This question has a very clear and straight forward business reason - I feel like anyone paying attention to Apple over the years should notice the dynamic playing out here.
AR, rather than VR, is years away at any reasonable consumer price point. The AR style passthrough mode of something like Meta Quest 3 is still in largely unusable gimmicky territory. Getting over the hump into "good enough" territory is going to be expensive, and hard to scale.
The Vision Pro supposedly costs something like $2.2k to make, already past the point of reasonable or justifiable for most consumers. You can go one of two ways selling a device that expensive to make - take a loss (or just no profit), or add your profit margin on top. Selling at cost or at a loss is risky - if you can't start making it profitable in the short term, the market+boards+shareholders+your own internal politics will all start putting the pressure on to either fix it or retire it. Selling at a profit is risky - it takes an already unreasonable price point and puts it into ridiculous territory and might leave your product dead on arrival, with no buyers at all.

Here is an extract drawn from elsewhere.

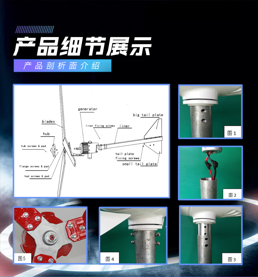 6、獨(dú)特的尾舵預(yù)偏設(shè)計(jì),自動(dòng)精確對(duì)準(zhǔn)迎風(fēng)方向,提高輸出功率同時(shí)兼顧調(diào)整和強(qiáng)風(fēng)保護(hù)。

Apple has always been very disciplined about making money, whatever else you want to say about the company. They were never going to choose any other option besides "we want our full 35-40% profit margins, the same we get from our other devices". They've pushed their requirements the difficult-to-scale territory, so they only need to convince a tiny portion of the market to buy one. Like it or not, they have enough of a captive audience they'll almost certainly sell them. In short, they believe they're in a position to get away with selling a way overpriced device, and still make money from it - and that nobody else will be able to do so, giving them a headstart (not in terms of innovation, maybe, but in terms of locking down present and future profits).
In a year or two, competitors with a lot less to lose will test the boundaries of how much they can cheap out on this stuff and still ship a close enough approximation of the same features on sale here. Half of them probably will go for the sell-at-a-loss model, some may not survive, whilst Apple watches, learns, copies the lessons others are learning, and holds onto the coveted spot of being the only one making a profit on it.
I'm into the tech here and think it's cool - but whether the cost is "justified" or "worth it" is the wrong question. Is it a good strategy to maximise profitshare in this market, grab territory ahead of competitors, and further lock an ever-growing customer base into an ever-broadening and more expensive ecosystem? I mean, you know, it might actually be.